The company has a second branch, the DIAVOLO Institute, which provides educational and outreach opportunities to people of all ages and abilities while touring and at home in Los Angeles, sharing the pioneering art form and the power of dance as a means of social impact.

In 2016, The DIAVOLO Institute expanded their programs and created The Veterans Project, conceived by executive director Jennifer Cheng and led by artistic director Jacques Heim. Inspired by Sebastian Junger's book Tribe, the program works with military veterans on their transition to civilian life. Phase 1 premiered in 2016 at Hollywood American Legion Post 43, and Phase 2 premiered on Veterans Day, November 11, 2017, at the Valley Performing Arts Center, which was renamed the Younes and Soraya Nazarian Center for the Performing Arts.

==Choreography==
Heim not only choreographs a number of short and full-length works for DIAVOLO, but has directed many projects around the United States and internationally. One of his most notable choreographic achievements was invitation by Cirque du Soleil to choreograph the show, Kà, which premiered in 2005 at the MGM Grand Las Vegas hotel. KÀ has been named "the most technically advanced production in the Western Hemisphere and perhaps the world" and in 2016, the Las Vegas Weekly wrote, "KÀ’s technical marvel remains unmatched". It is without a doubt that KÀ remains is one of the greatest shows in the history of Las Vegas. Merge Kà's elite human performances with the ever-evolving technology put at Cirque du Soleil's disposal and you are left with a stunning show that stays with you for days.

Most recently, Jacques Heim and DIAVOLO were seen on Season 12 of America's Got Talent, and finished in the top 10. Heim and DIAVOLO’s appearances were defined by structural elements in their work. Simon Cowell, Howie Mandel, MelB, and Heidi Klum commented on the company's highly original and daring approach to entertainment.

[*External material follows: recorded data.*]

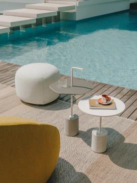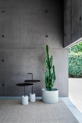 En soi, elle vole, c'est le ciel, c'est la liberté. Essence pure outdoor La table basse. Le piètement est en ciment ou en marbre, la tige en tube soutient le plateau aux différentes formes géométriques et la poignée garantit une prise en main facile et élégante. À cueillir comme une fleur.
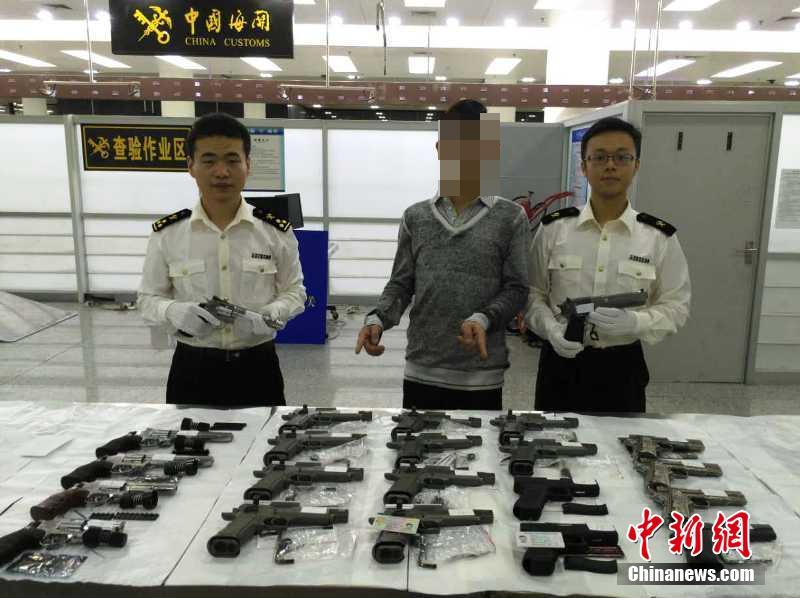 11月28日,深圳皇崗海關(guān)發(fā)布消息稱,該關(guān)在福田口岸查獲一名香港旅客利用背包藏匿槍支彈藥入境案件,共查獲氣動力槍22支、鉛制子彈6347發(fā),其他配件若干。 鄭小紅 蔣昕 攝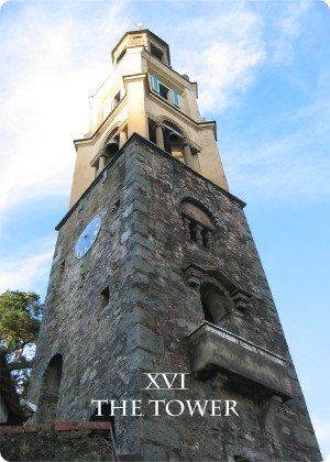 28 Jan 2008 Sometimes one muses on themes around which no one yet has yet created a tarot - a snake tarot, a drolleries tarot, an interplanetary and so on. But over the weekend I heard of a new tarot which I could never, even in my more expansive flights of fancy, have imagined a Tarot of Portmeirion. To many people the word 'Portmeirion' will mean nothing, but they will, as soon as they see photographs, nevertheless immediately recognise this village constructed down a cliffside on the coast of North Wales. It is a wonderful folly of eccentric architecture created from 1925 onwards by the Welsh architect Clough Williams-Ellis. Well known as a tourist site in Britain, it came to international prominence through being the setting for the 1967 surrealistic television series The Prisoner which starred Patrick McGoohan. Now Craig Conley has created a tarot deck based on his photographs of architectural features from Portmeirion. In the world of tarot someone always trumps ones imagination by invisaging a deck which one could never have thought up oneself.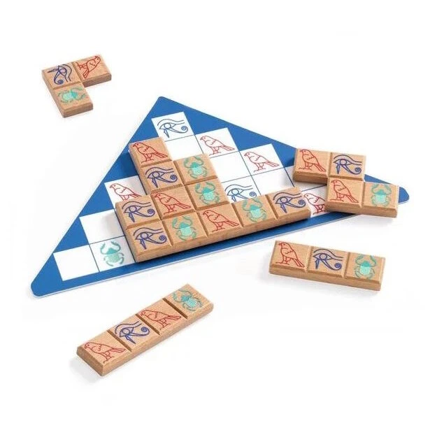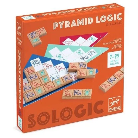 Découvrez Pyramid Logic de la collection Sologic de Djeco, un jeu de logique pour les enfants à partir de 7 ans, dans lequel ils devront compléter les cartes « Pyramide » à l’aide de pièces en bois illustrées de hiéroglyphes.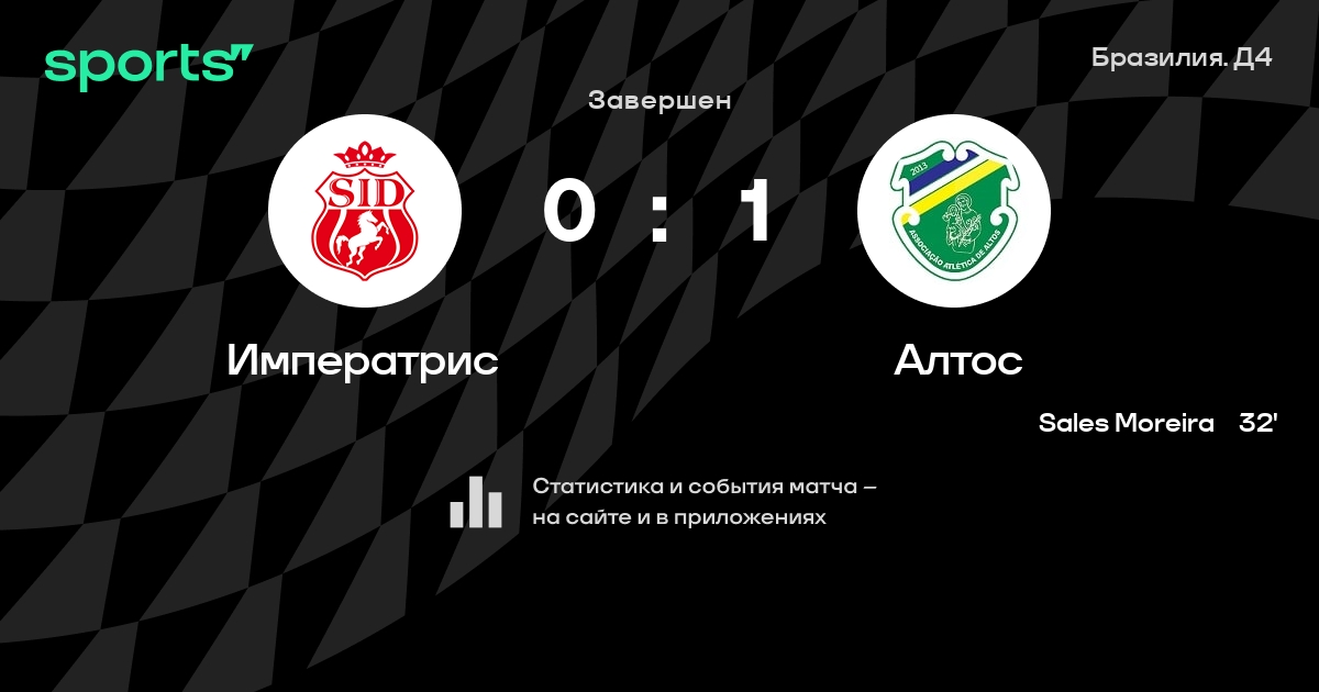 Результат прошлой игры в турнире «Серия D»: Алтос – Сампайо Корреа 1:1. После 8 туров Алтос набирает 14 очков и занимает 2 место в турнире. Лучший бомбардир команды – Leandro: он забил 4 в 16 матчах. Алтос играет вничью в 3 последних матчах в рамках турнира «Серия D». В 9 последних матчах в турнире «Серия D» Алтос обязательно забивает. Алтос пропускает в 4 последних матчах в турнире «Серия D». В последних 5 играх Алтос забивает 8 голов. В последних 5 играх Алтос пропускает 6 голов.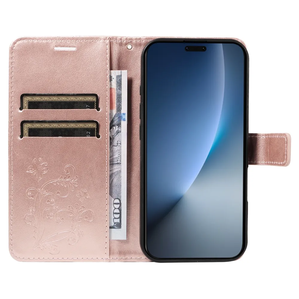 • Ružovovozlatá farba a zaujímavý vzor motýľov podčiarkujú elegantný dizajn puzdra.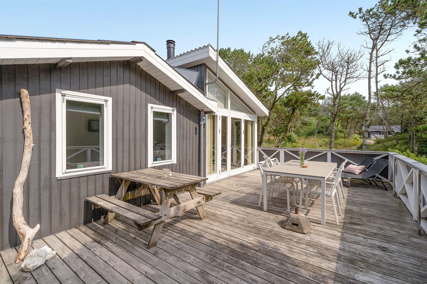 Rummeligt sommerhus med 3 lukkede terrasser i naturskønne omgivelser tæt på Nørre Vorupør.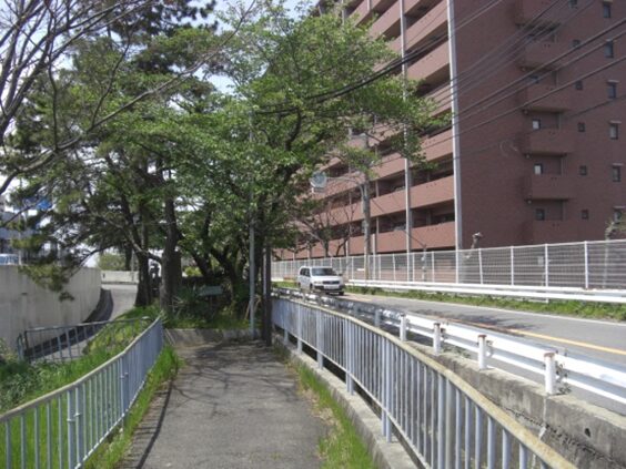 高架を潜り100m程進むと分岐道となり斜め右の道を進む
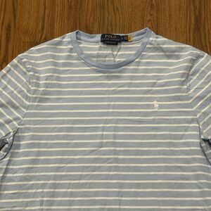 Polo Ralph Lauren Tee Shirt Mens Large Custom Slim Fit Blue White Striped Cotton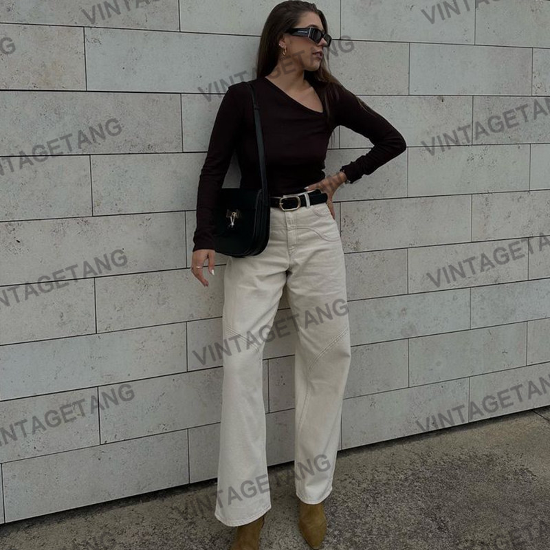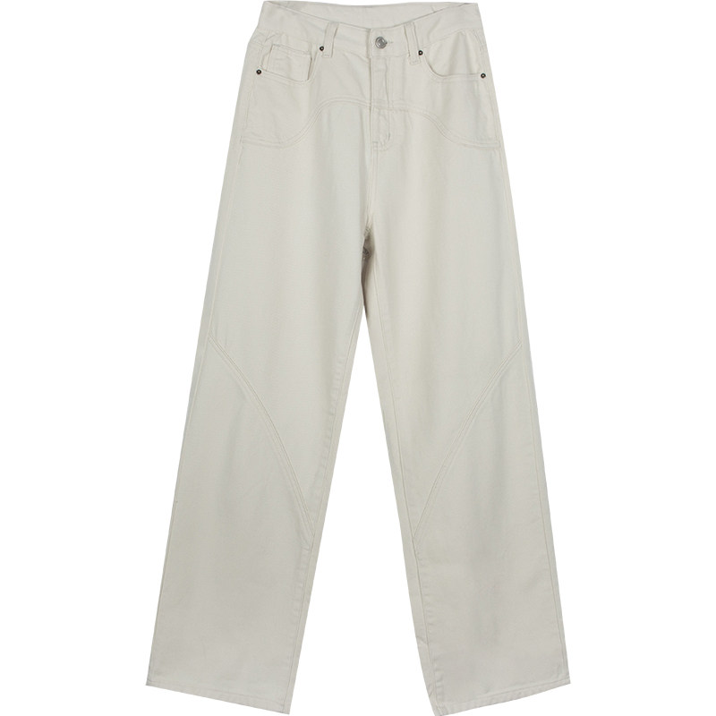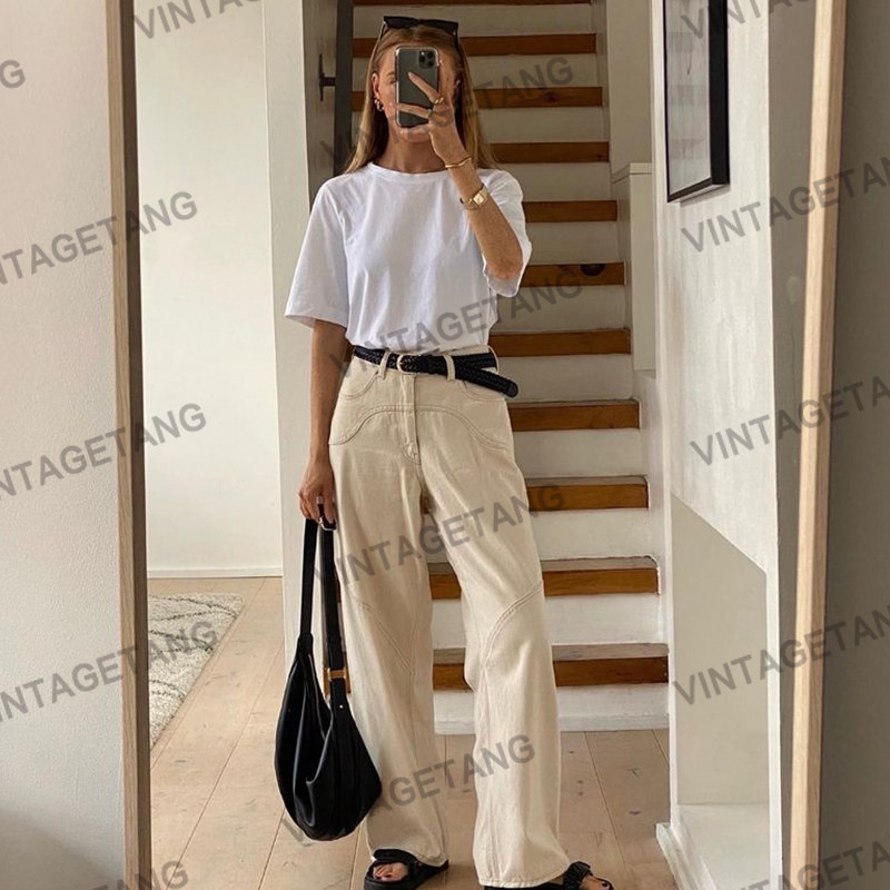 Ретро бежевые штаны, в американском стиле, свободный прямой крой, высокая талия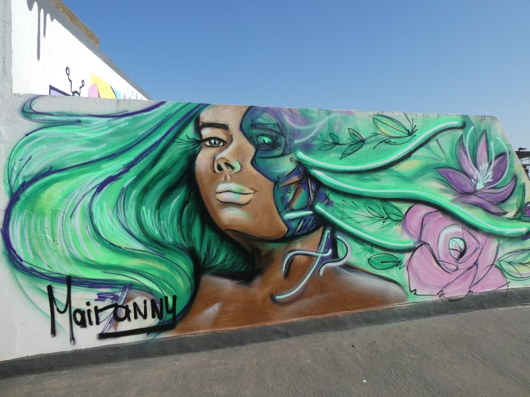 Earlier in 2022 London was fortunate enough to receive a visit from Brazilian street artist Mairanny who took up residency in the capital during the spring and summer and in that time hit up a number of works around East and South London, five of which we were fortunate enough to encounter. Mairanny’s work sets to depict imagery and subjects defined by a fusion of the natural world and the industrialized man-made realm, blending the soft and peaceful natural dynamics with the mechanized and robotic elements to great effect and simultaneously presenting an interesting view on how humanity’s creations continue to takeover and merge with the world that was here long before us. There is also one overriding themed dominant in her work and that is as you shall see the use of the colour green, especially with a predilection for energetic neon touches.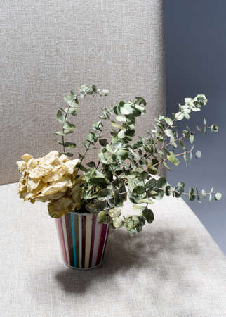 Fading flowers and eucalyptus branches. A bouquet of dying yellow roses against a brown background. selective focus.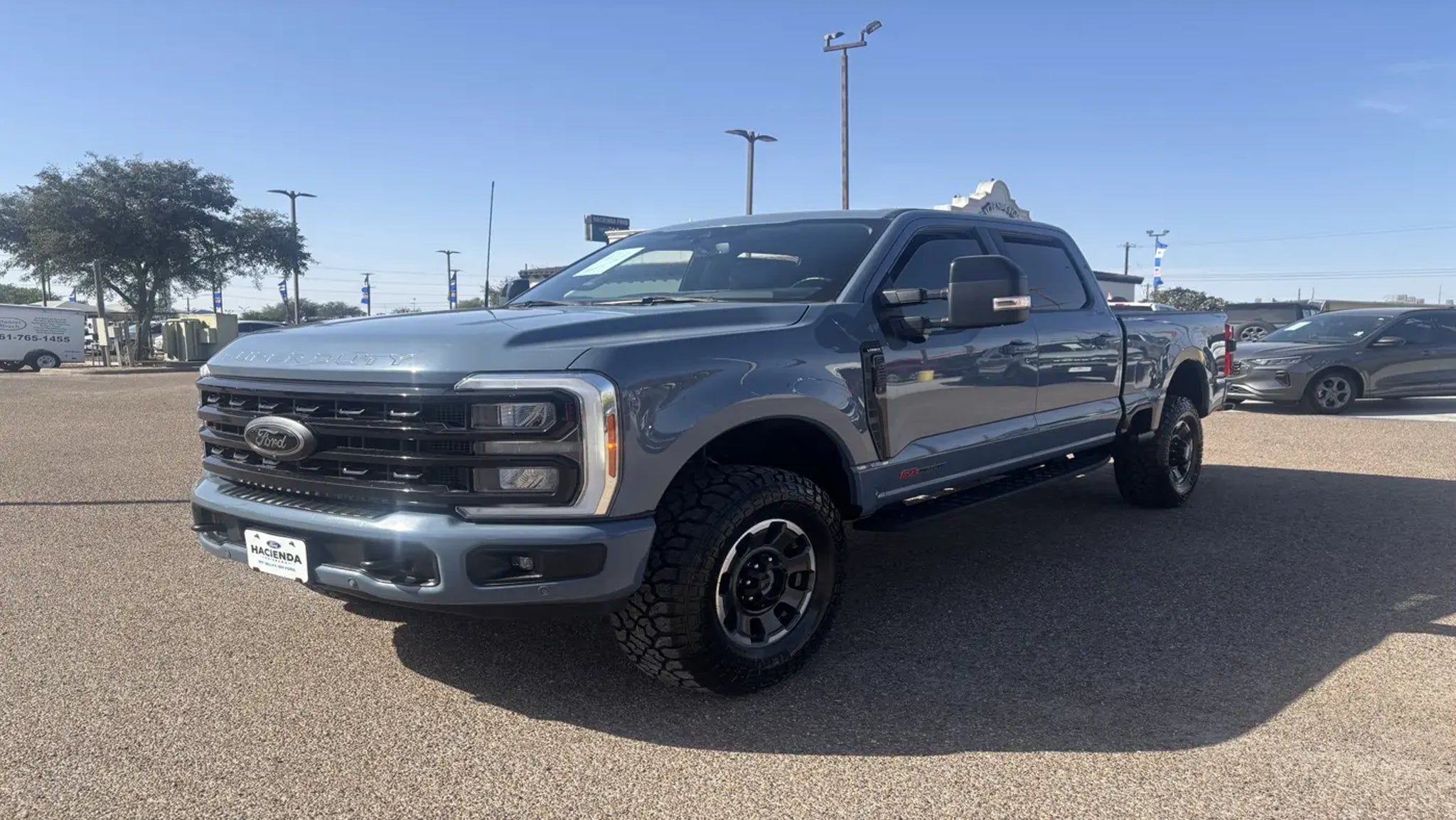 Clean CARFAX.4WD.**My Valley, My Ford** *THIS VEHICLE INCLUDES THE FOLLOWING FEATURES AND OPTIONS: 5th Wheel/Gooseneck Hitch Prep Package, Black Appearance Package (6 Ebony Black Angular Running Boards, Body Color Front & Rear Bumpers, Ebony Black Painted Front Grille Bars, Ebony Black Painted Mirror Caps, Tough Bed Spray-In Bedliner, and Wheels: 20 Machined & Ebony Black High Gloss), F-250 >10K GVWR Package, High Capacity 11.6 Axle Upgrade Package, Lariat Ultimate Package (4-Way Adjustable Headrests, Front Sensing System, Head-Up Display, Power-Deployable Running Boards, Radio: B&O Unleashed Sound System by Bang & Olufsen, SiriusXM Radio w/360L, SYNC 4 w/Enhanced Voice Recognition, Tailgate Step & Handle, Upfitter Switches (6), and Wireless Charging Pad), Order Code 608A, Tow Technology Package (Intelligent Adaptive Cruise Control w/Stop-and-Go, Lane Keeping Assist, Pro Trailer Backup Assist, and Pro Trailer Hitch Assist), 4WD, 4-Wheel Disc Brakes, 410 Amp Dual Alternators, 8 Speakers, ABS brakes, Adjustable pedals, Air Conditioning, Alloy wheels, AM/FM radio: SiriusXM with 360L, Auto High-beam Headlights, Auto tilt-away steering wheel, Auto-dimming Rear-View mirror, Automatic High Beam, Automatic temperature control, BLIS w/Cross-Traffic Alert, Brake assist, Bumpers: chrome, Compass, Delay-off headlights, Driver door bin, Driver vanity mirror, Dual 68 AH/65 AGM Batteries, Dual front impact airbags, Dual front side impact airbags, Electronic Stability Control, Emergency communication system: SYNC 4 911 Assist, Engine Block Heater, Exterior Parking Camera Rear, Flow-Through Console, Front anti-roll bar, Front Bucket Seats, Front Center Armrest, Front dual zone A/C, Front fog lights, Front Leather-Trimmed 40/Console/40 Seats, Front License Plate Bracket, Front reading lights, Fully automatic headlights, Garage door transmitter, Heated door mirrors, Heated front seats, Heated rear seats, Heated steering wheel, Illuminated entry, Lane-Keeping System, Leather steering wheel, Low tire pressure warning, Memory seat, Navigation system: Connected Navigation, Outside temperature display, Overhead airbag, Overhead console, Panic alarm, Passenger door bin, Passenger vanity mirror, Pedal memory, Post-Collision Braking, Power door mirrors, Power driver seat, Power passenger seat, Power steering, Power windows, Pre-Collision Assist, Pro Power Onboard - 2kW, Radio: B&O Sound System by Bang & Olufsen, Rain sensing wipers, Rapid-Heat Supplemental Cab Heater, Rear reading lights, Rear seat center armrest, Rear step bumper, Rear window defroster, Remote keyless entry, Security system, Speed control, Split folding rear seat, Steering wheel memory, Steering wheel mounted audio controls, Tachometer, Telescoping steering wheel, Tilt steering wheel, Traction control, Trip computer, Turn signal indicator mirrors, Twin Panel Power Moonroof, Variably intermittent wipers, Ventilated front seats, and Wheels: 18 Bright Machined & Carbonized Gray Alum.Hacienda Has It!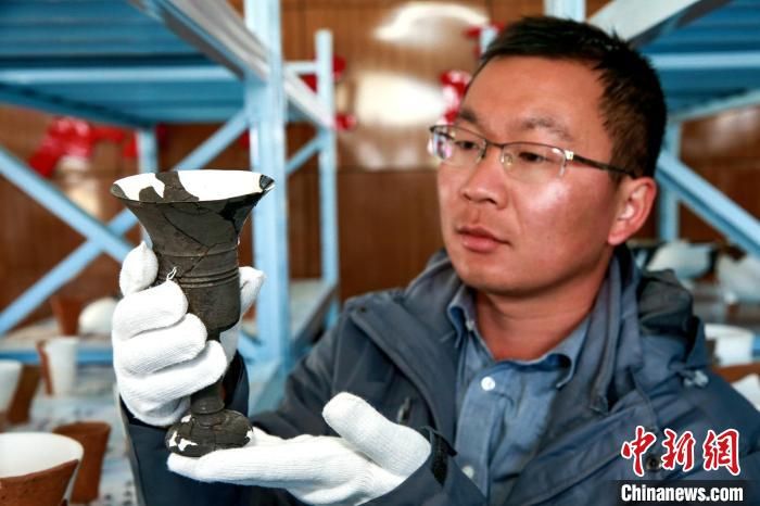 考古人员展示新发掘出土的“蛋壳陶杯” 杨东 摄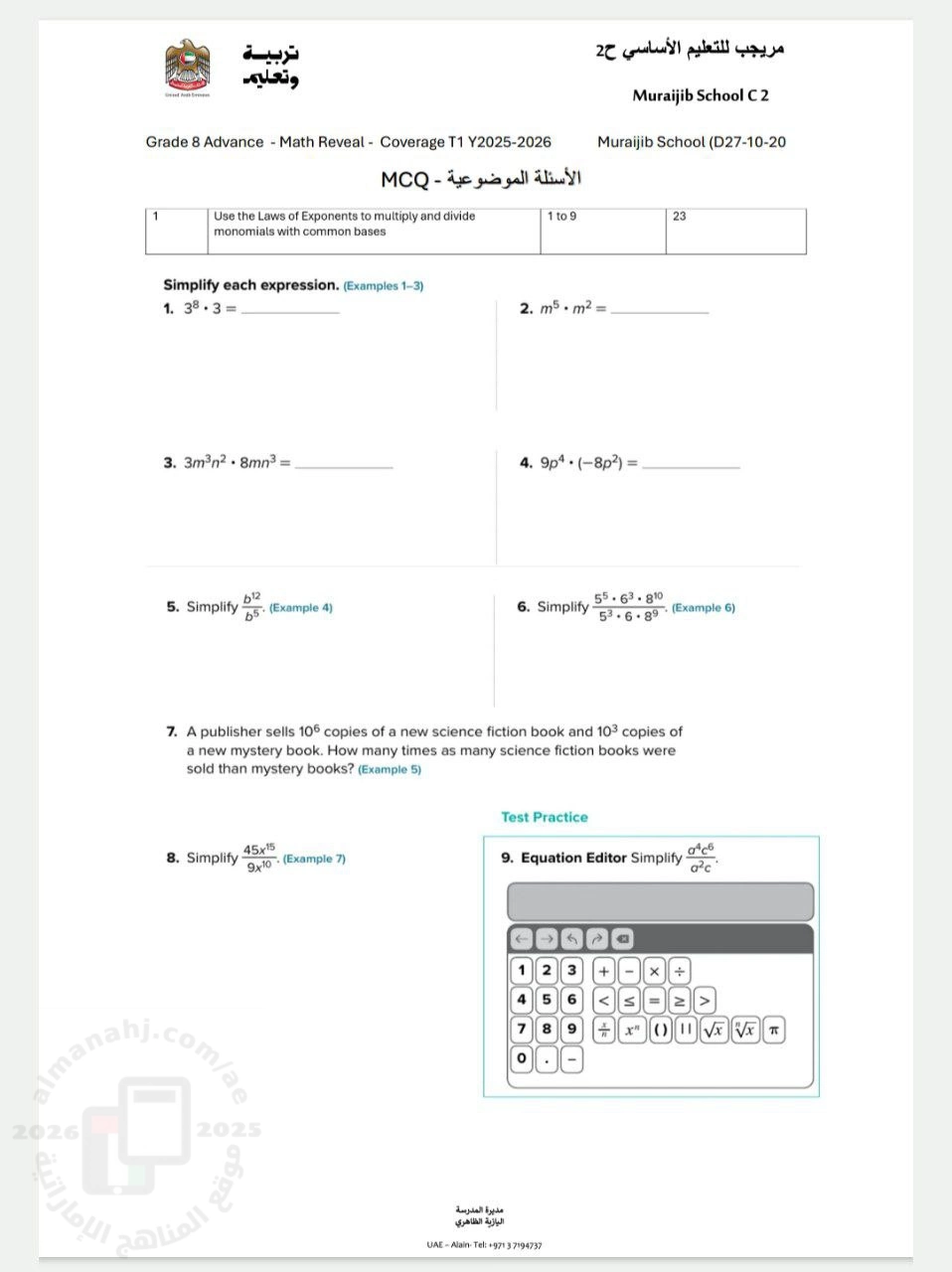 1. الصف الثامن, رياضيات, مراجعة وفق الهيكل الوزاري الجديد منهج ريفيل المسار المتقدم

In 2005, Heim was also the Artistic Director for the Taurus World Stunt Awards, and in 2007 he returned to Taurus to stage a stunt piece called "The Car". He was the Creative Director for the Opening Ceremony of The 16th Asian Games, in Guangzhou, China His work has made appearances on the television shows Dancing with the Stars and Step It Up and Dance, as well as on the theatrical stage, as he created choreography for the play, The Stones.

Jacques has taught dance at Ballet Pacifica, California State University, Los Angeles and the University of California, Los Angeles. and recently had his company perform at the Grammy's 2024 with Dua Lipa https://www.instagram.com/diavolo_la/p/C28udgSLzH0/?img_index=1

==Awards and press==
Heim has received three USA Fellowship nominations and four Alpert Awards in the Arts nominations. He received the Martha Hill Choreography Award of the American Dance Festival, as well as the Special Prize of the Jury at the 6th Saitama International Dance Festival. Heim also was awarded a Brody Arts Fund fellowship, and a James Irvine Foundation Fellowship.

==Family history==
Heim's grandfather, also named Jacques Heim, was a Parisian fashion designer who invented the bikini alongside Louis Réard.